Careless in Red
“You’re very likely the reason he died, for God’s sake.”
“I very seriously doubt that. Certainly Max has too much pride to kill an adolescent rival and anyway Santo wasn’t his rival, a simple fact that I could not make Max see. Santo was just…Santo.”
“A boytoy.”
“A boy, yes. A toy, rather. But that makes it sound cold and calculating and believe me it was neither. We enjoyed each other and that’s what it was between us, only. Enjoyment. Excitement. On both parts, not just on mine. Oh, you know all this, Daidre. You cannot plead ignorance. And you quite understand. You would not have lent your cottage had you not.”
“You feel no guilt.”
Aldara waved her hand towards the door, to indicate they were to leave the room and go below once more. As they descended the stairs, she said, “Guilt implies I am somehow involved in this situation, which I am not. We were lovers, full stop. We were bodies meeting in a bed for a few hours.
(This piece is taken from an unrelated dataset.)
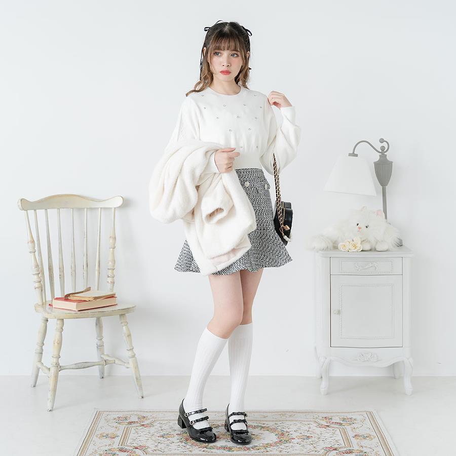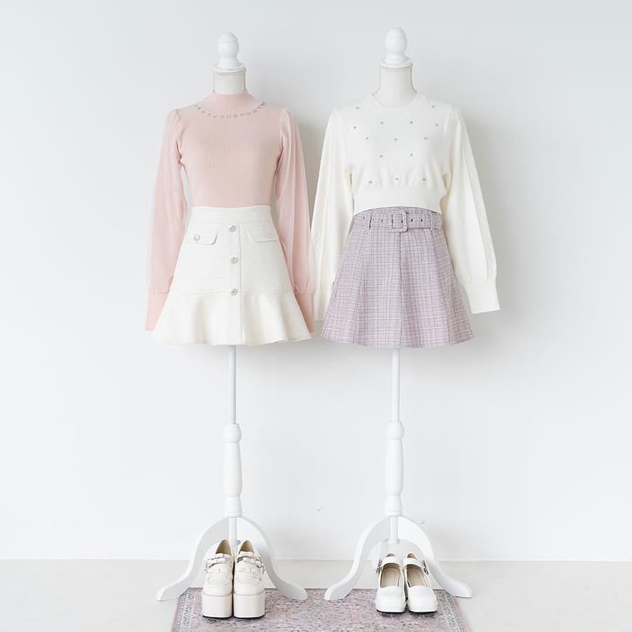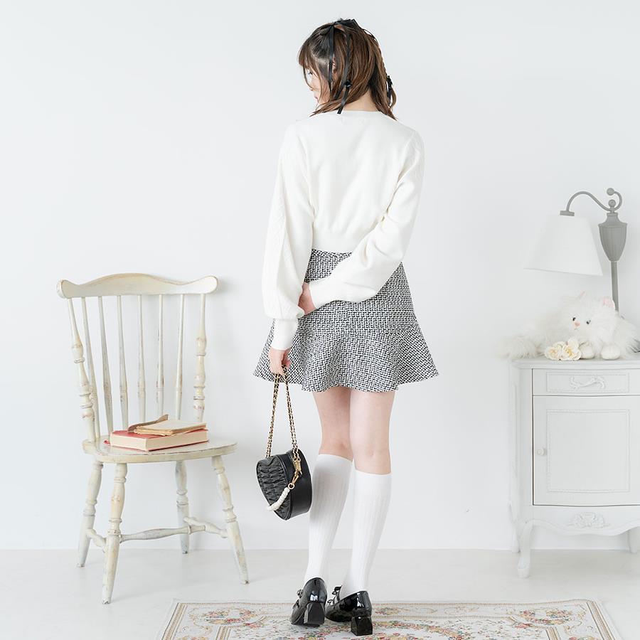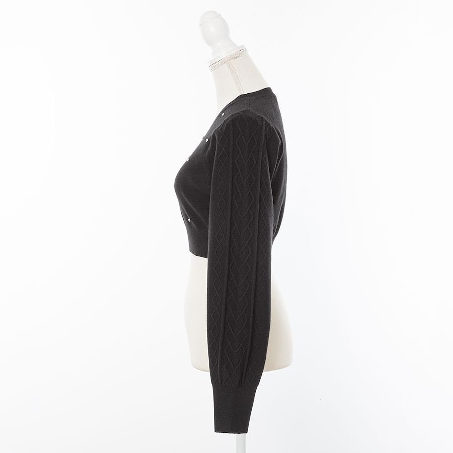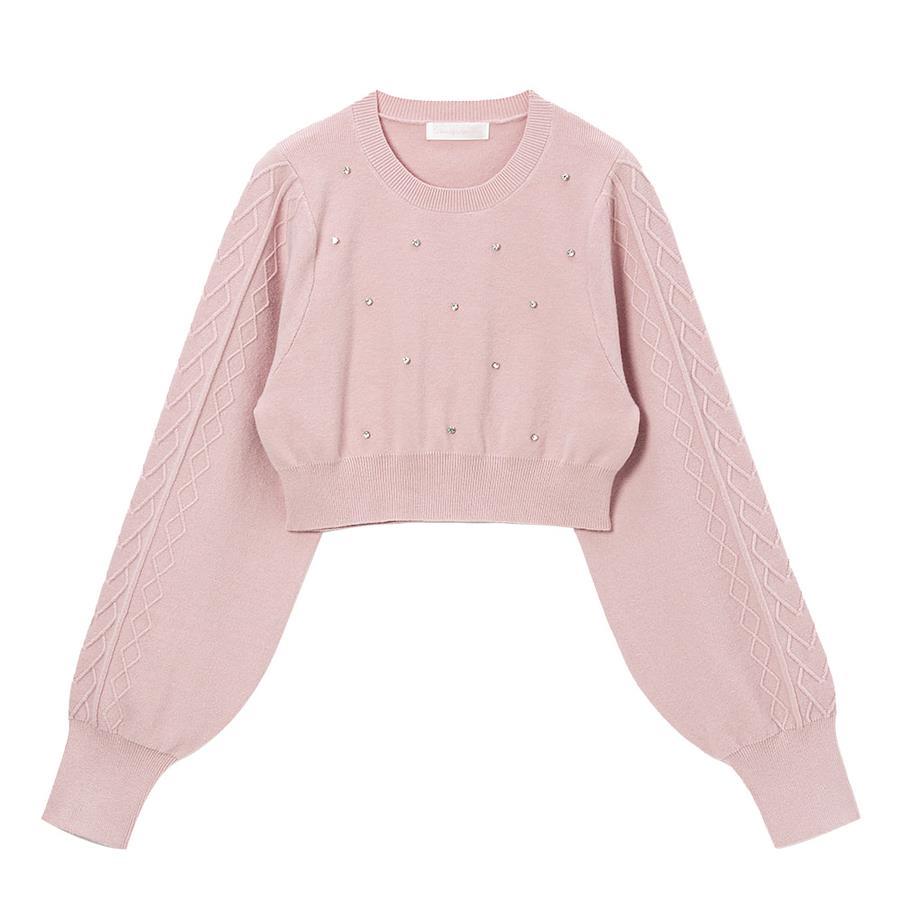 今季大注目のラインストーン付きショート丈ニットトップスのご紹介。【デザイン】きらきらのラインストーンが散りばめられたショートニットトップスです。小さなビジューとコンパクトな丈感がトレンドライクで、着るだけで旬なコーデが完成するアイテム。ぽわっとボリューミーなあざと可愛いお袖にはハートケーブルが施されていて、ガーリーさも忘れない他と差がつくデザインに♪襟元リブはしっかりと伸びるので、被りで楽に着用いただけます。裾リブも少し長めで、ボトムにinしなくてもスタイルUPできちゃうシルエットもポイントです◎1枚でも重ね着でも多様な着方が出来ちゃう着回し抜群なニットです♪

That’s what it was, and if you really think that the mere act of intercourse led to—”
A knock came on the door. Aldara glanced at her watch. Then she looked at Daidre. Her expression was resigned, which told Daidre later that she should have anticipated what would come next. But, rather stupidly, she had not.
Aldara opened the door. A man stepped into the room. His eyes only for Aldara, he didn’t see Daidre. He kissed Aldara with the familiarity of a lover: a greeting kiss that became a coaxing kiss, which Aldara did nothing to terminate prematurely. When it did end, she said against his mouth, “You smell all of the sea.”
“I’ve been for a surf.” Then he saw Daidre. His hands dropped from Aldara’s shoulders to his sides. “I’d no idea you had company.”
“Daidre’s just on her way,” Aldara said. “D’you know Dr. Trahair, my dear? Daidre, this is Lewis.”
He looked vaguely familiar to Daidre, but she couldn’t place him. She nodded hello. She’d left her bag on the edge of the sofa, and she went to fetch it. As she did so, Aldara added, “Angarrack. Lewis Angarrack.”
Which caused Daidre to pause. She saw the resemblance, then, for of course she’d seen Madlyn more than once in the times she herself had been to Cornish Gold cider farm. She looked at Aldara, whose face was placid but whose eyes shone and whose heart was no doubt beating strongly now as anticipation sent her blood hither and yon, to all the proper places.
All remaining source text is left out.